Task prompt
Reproduce only what runs from the line containing "Federación Paraguaya De" to the line containing "2021-2022学年度第一学期学校领导第十四周主要工作安排" in the records below, inclusive. Keep it exact, and keep the pictures out.

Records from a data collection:
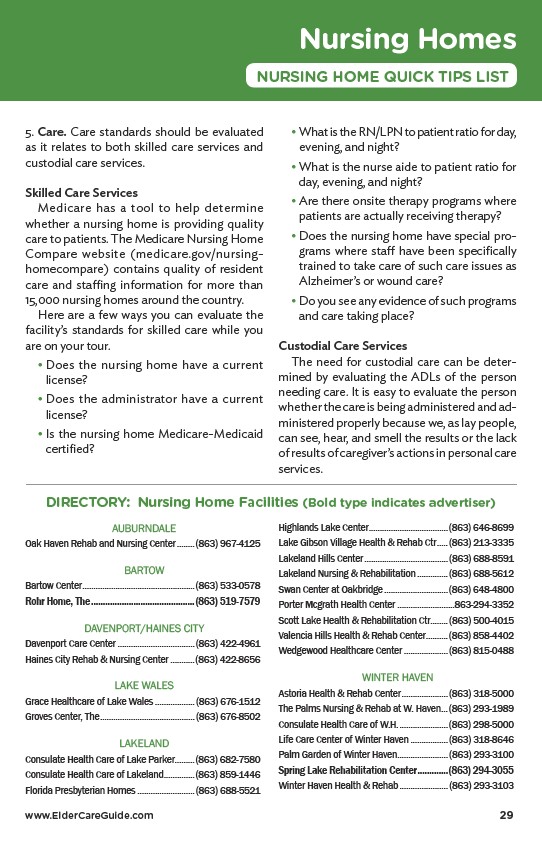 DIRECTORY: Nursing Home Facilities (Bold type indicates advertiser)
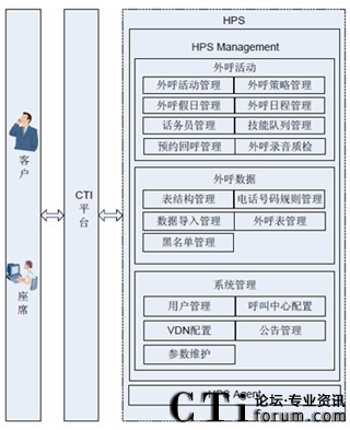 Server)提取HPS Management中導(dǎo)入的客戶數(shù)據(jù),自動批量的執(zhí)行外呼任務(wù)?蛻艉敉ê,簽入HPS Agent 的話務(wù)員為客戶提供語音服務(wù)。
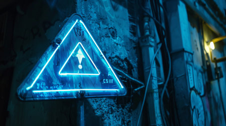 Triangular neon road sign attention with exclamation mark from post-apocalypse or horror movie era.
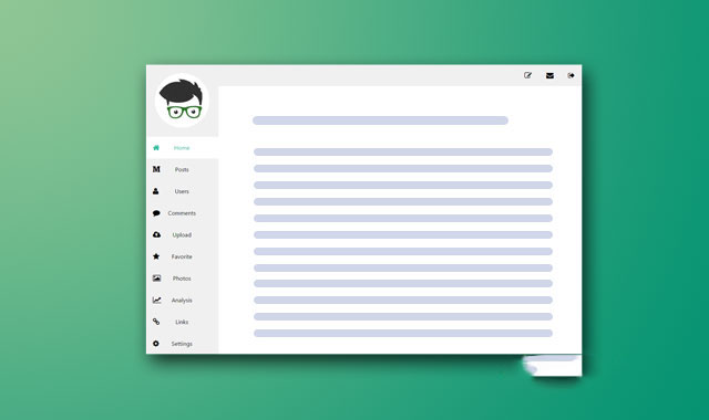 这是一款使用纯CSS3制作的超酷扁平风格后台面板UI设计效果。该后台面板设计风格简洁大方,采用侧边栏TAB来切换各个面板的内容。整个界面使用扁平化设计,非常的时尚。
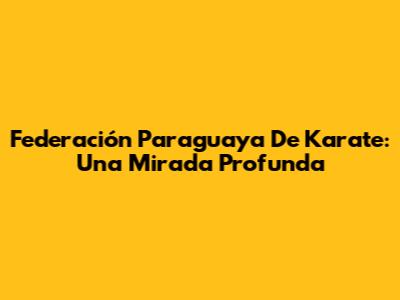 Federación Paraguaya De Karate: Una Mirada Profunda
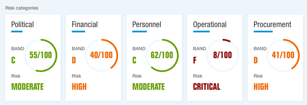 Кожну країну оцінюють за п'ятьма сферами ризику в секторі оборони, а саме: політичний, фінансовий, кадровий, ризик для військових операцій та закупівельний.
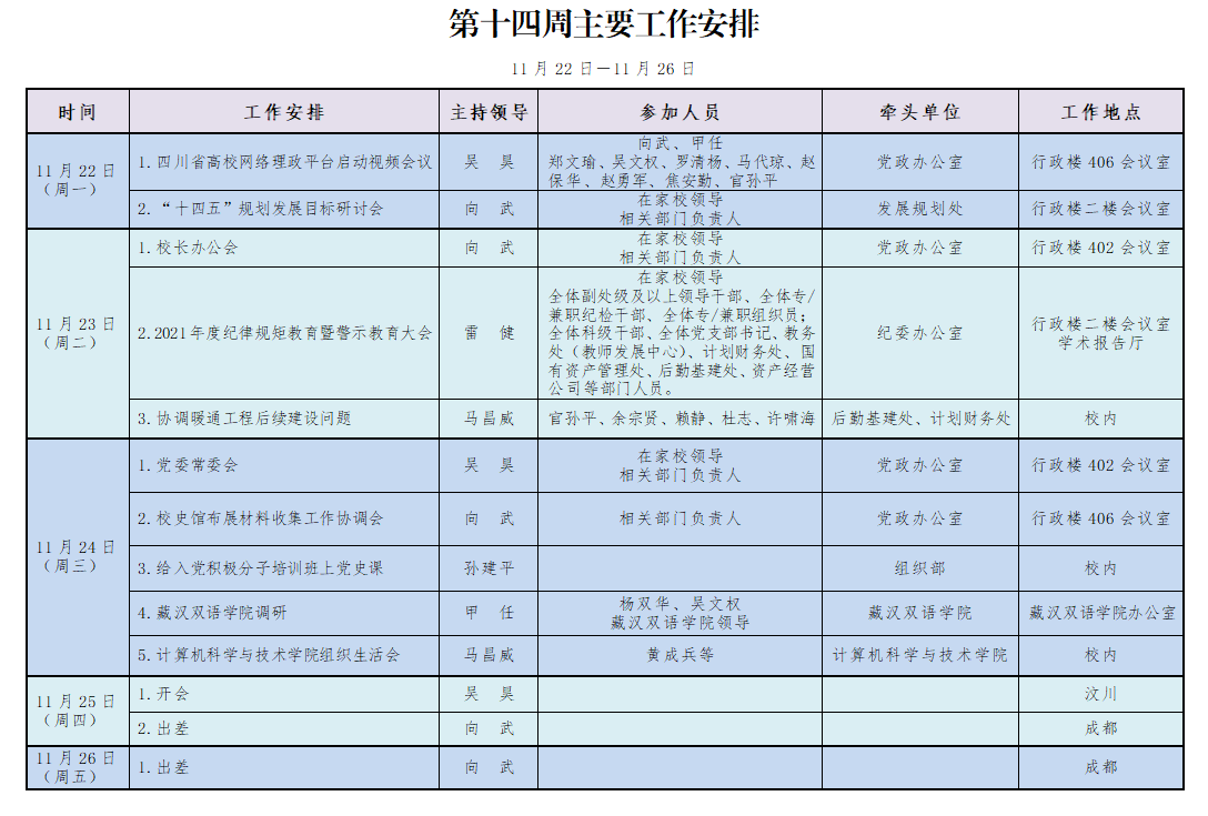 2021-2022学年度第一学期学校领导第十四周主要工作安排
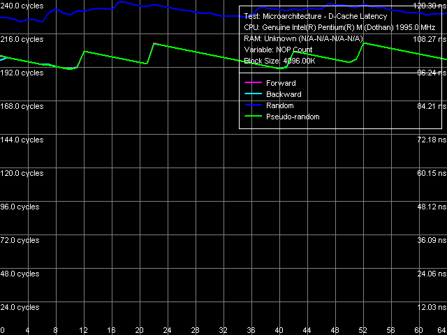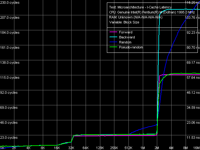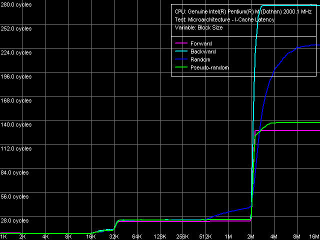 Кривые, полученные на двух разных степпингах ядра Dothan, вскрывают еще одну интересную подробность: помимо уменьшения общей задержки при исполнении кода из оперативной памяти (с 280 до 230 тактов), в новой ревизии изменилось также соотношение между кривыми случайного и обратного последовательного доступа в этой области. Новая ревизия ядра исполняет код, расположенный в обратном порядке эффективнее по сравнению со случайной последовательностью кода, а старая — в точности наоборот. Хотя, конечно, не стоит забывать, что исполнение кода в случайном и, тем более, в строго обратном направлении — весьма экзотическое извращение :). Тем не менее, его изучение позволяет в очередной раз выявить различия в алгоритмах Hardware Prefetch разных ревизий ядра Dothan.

Response area
 Federación Paraguaya De Karate: Una Mirada Profunda
 Кожну країну оцінюють за п'ятьма сферами ризику в секторі оборони, а саме: політичний, фінансовий, кадровий, ризик для військових операцій та закупівельний.
 2021-2022学年度第一学期学校领导第十四周主要工作安排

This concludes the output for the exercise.